───── DATA RECORDS
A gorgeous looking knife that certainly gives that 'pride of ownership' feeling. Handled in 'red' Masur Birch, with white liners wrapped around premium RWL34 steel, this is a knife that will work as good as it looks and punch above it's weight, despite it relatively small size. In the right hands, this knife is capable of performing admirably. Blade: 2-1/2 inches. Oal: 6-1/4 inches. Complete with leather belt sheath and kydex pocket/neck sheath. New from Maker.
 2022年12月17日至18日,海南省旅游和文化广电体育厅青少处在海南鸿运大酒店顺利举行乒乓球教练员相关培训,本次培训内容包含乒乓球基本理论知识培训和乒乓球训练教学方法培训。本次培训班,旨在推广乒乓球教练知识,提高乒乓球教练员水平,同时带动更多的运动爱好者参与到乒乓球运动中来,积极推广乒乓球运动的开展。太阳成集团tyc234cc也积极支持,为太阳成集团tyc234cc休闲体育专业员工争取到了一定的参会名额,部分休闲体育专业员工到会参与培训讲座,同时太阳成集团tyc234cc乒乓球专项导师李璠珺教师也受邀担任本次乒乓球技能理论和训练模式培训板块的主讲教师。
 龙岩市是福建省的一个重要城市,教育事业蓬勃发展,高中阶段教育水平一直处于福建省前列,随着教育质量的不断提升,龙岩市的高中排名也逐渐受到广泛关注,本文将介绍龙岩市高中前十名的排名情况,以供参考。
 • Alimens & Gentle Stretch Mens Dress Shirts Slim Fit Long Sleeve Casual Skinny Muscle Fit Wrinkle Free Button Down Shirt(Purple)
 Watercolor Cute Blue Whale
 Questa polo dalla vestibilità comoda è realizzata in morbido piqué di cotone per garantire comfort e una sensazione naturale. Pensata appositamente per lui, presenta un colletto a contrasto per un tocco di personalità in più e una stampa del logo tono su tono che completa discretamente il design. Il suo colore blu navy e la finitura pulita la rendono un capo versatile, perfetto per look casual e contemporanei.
──────────
───── DATA RECORDS
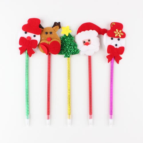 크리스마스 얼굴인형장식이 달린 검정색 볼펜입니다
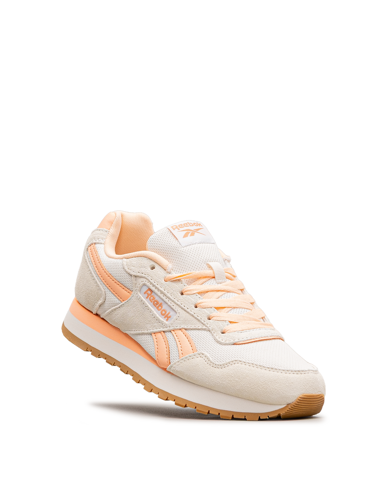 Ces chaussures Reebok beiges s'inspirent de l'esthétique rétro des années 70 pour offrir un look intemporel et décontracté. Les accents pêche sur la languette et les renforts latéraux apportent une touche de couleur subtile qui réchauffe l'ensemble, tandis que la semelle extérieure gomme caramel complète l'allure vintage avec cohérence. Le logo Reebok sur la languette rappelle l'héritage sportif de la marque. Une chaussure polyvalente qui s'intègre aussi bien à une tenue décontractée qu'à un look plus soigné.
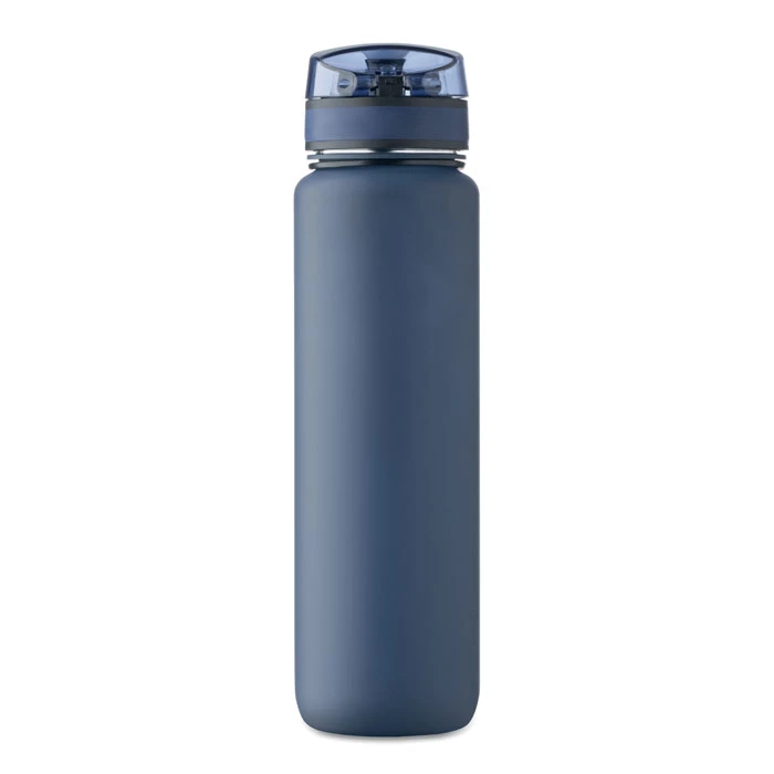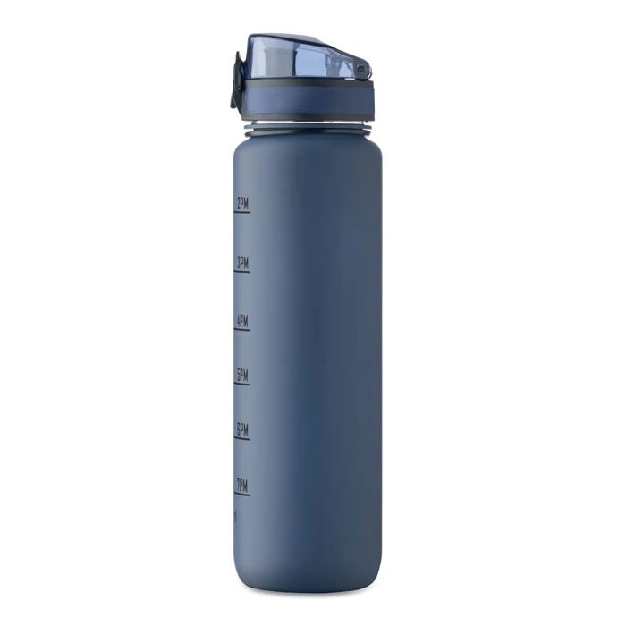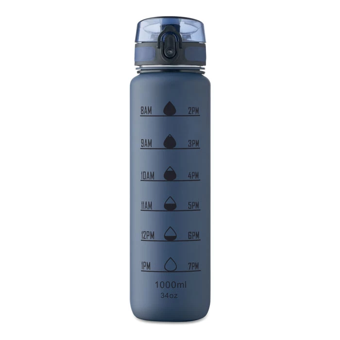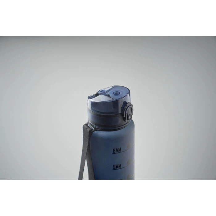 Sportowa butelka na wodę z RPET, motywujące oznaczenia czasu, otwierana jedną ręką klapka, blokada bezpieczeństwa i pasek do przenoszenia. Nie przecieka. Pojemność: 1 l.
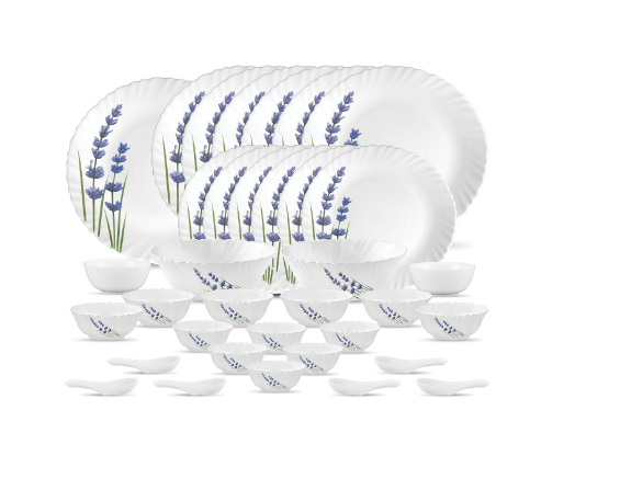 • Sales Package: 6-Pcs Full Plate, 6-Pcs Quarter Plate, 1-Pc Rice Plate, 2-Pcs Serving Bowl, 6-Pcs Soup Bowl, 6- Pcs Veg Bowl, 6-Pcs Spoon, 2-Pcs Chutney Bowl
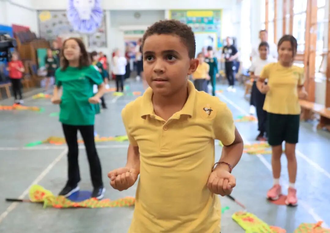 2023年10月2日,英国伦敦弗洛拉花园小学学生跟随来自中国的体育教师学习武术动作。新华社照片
──────────
───── DATA RECORDS
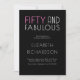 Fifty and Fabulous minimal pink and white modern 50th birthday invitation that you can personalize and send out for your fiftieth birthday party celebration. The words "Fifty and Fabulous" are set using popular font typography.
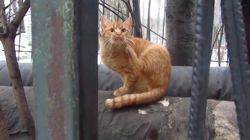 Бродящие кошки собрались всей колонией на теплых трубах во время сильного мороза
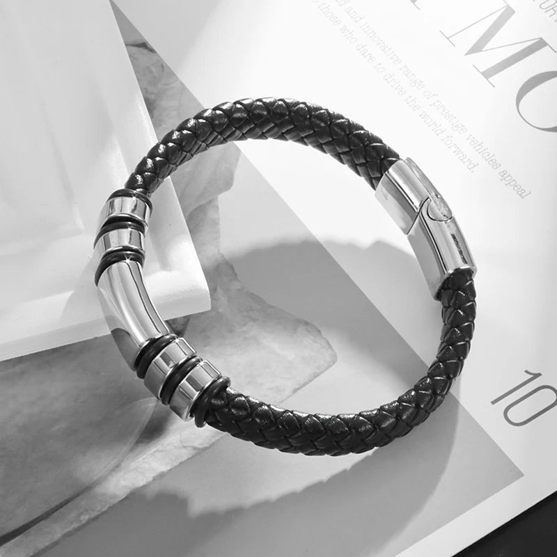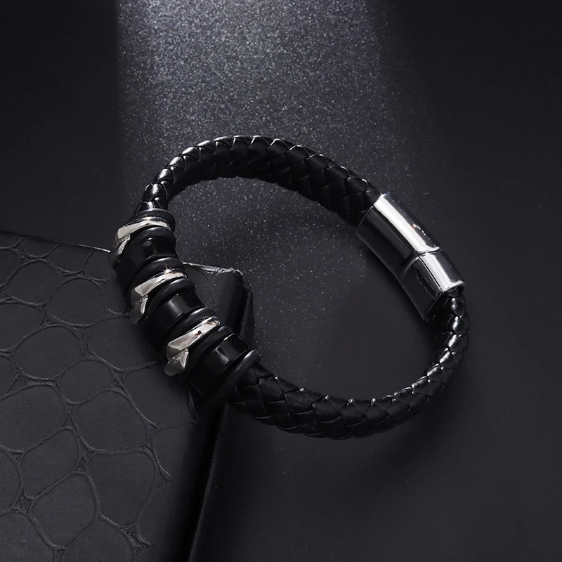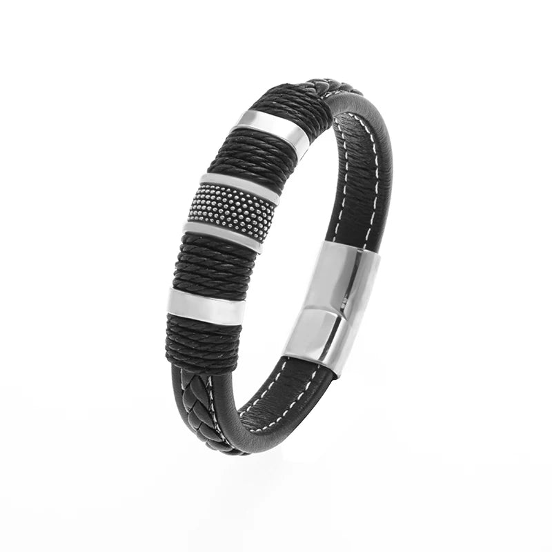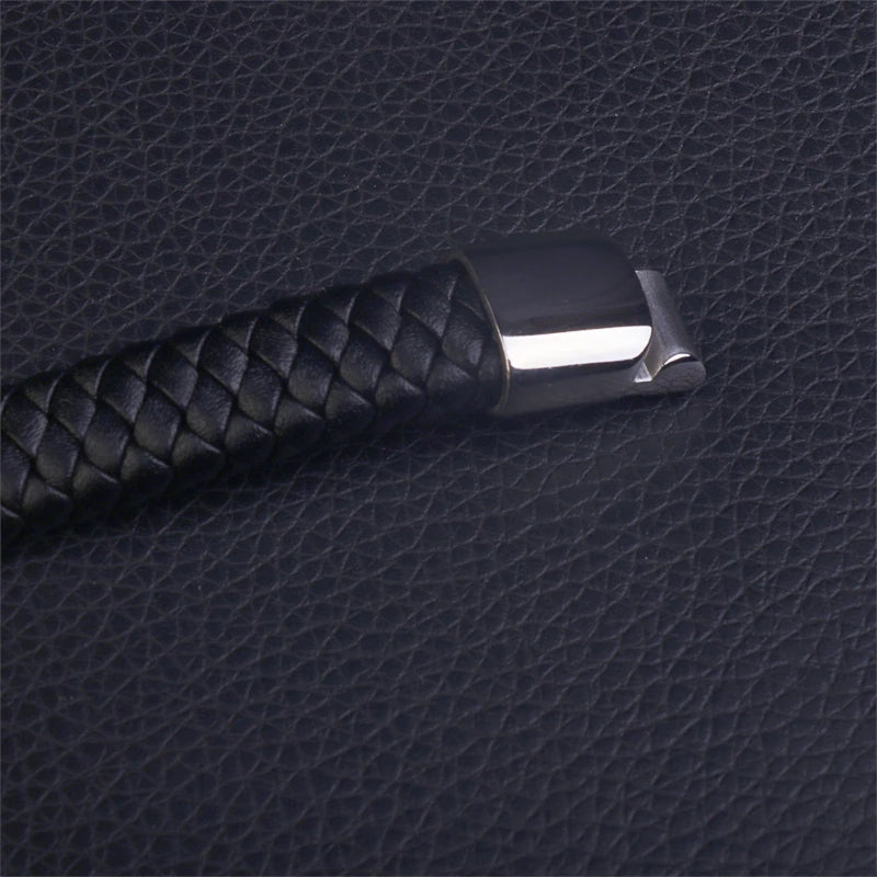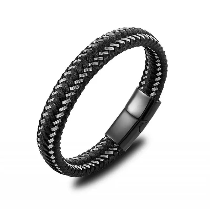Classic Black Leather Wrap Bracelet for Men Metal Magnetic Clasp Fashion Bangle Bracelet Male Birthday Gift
──────────
### BRIEF
In your answer, include only the lines above starting at the line that holds "A gorgeous looking" and ending at the line that holds "2022年12月17日至18", copied exactly.

### OUTPUT FOR THIS EXERCISE
A gorgeous looking knife that certainly gives that 'pride of ownership' feeling. Handled in 'red' Masur Birch, with white liners wrapped around premium RWL34 steel, this is a knife that will work as good as it looks and punch above it's weight, despite it relatively small size. In the right hands, this knife is capable of performing admirably. Blade: 2-1/2 inches. Oal: 6-1/4 inches. Complete with leather belt sheath and kydex pocket/neck sheath. New from Maker.
 2022年12月17日至18日,海南省旅游和文化广电体育厅青少处在海南鸿运大酒店顺利举行乒乓球教练员相关培训,本次培训内容包含乒乓球基本理论知识培训和乒乓球训练教学方法培训。本次培训班,旨在推广乒乓球教练知识,提高乒乓球教练员水平,同时带动更多的运动爱好者参与到乒乓球运动中来,积极推广乒乓球运动的开展。太阳成集团tyc234cc也积极支持,为太阳成集团tyc234cc休闲体育专业员工争取到了一定的参会名额,部分休闲体育专业员工到会参与培训讲座,同时太阳成集团tyc234cc乒乓球专项导师李璠珺教师也受邀担任本次乒乓球技能理论和训练模式培训板块的主讲教师。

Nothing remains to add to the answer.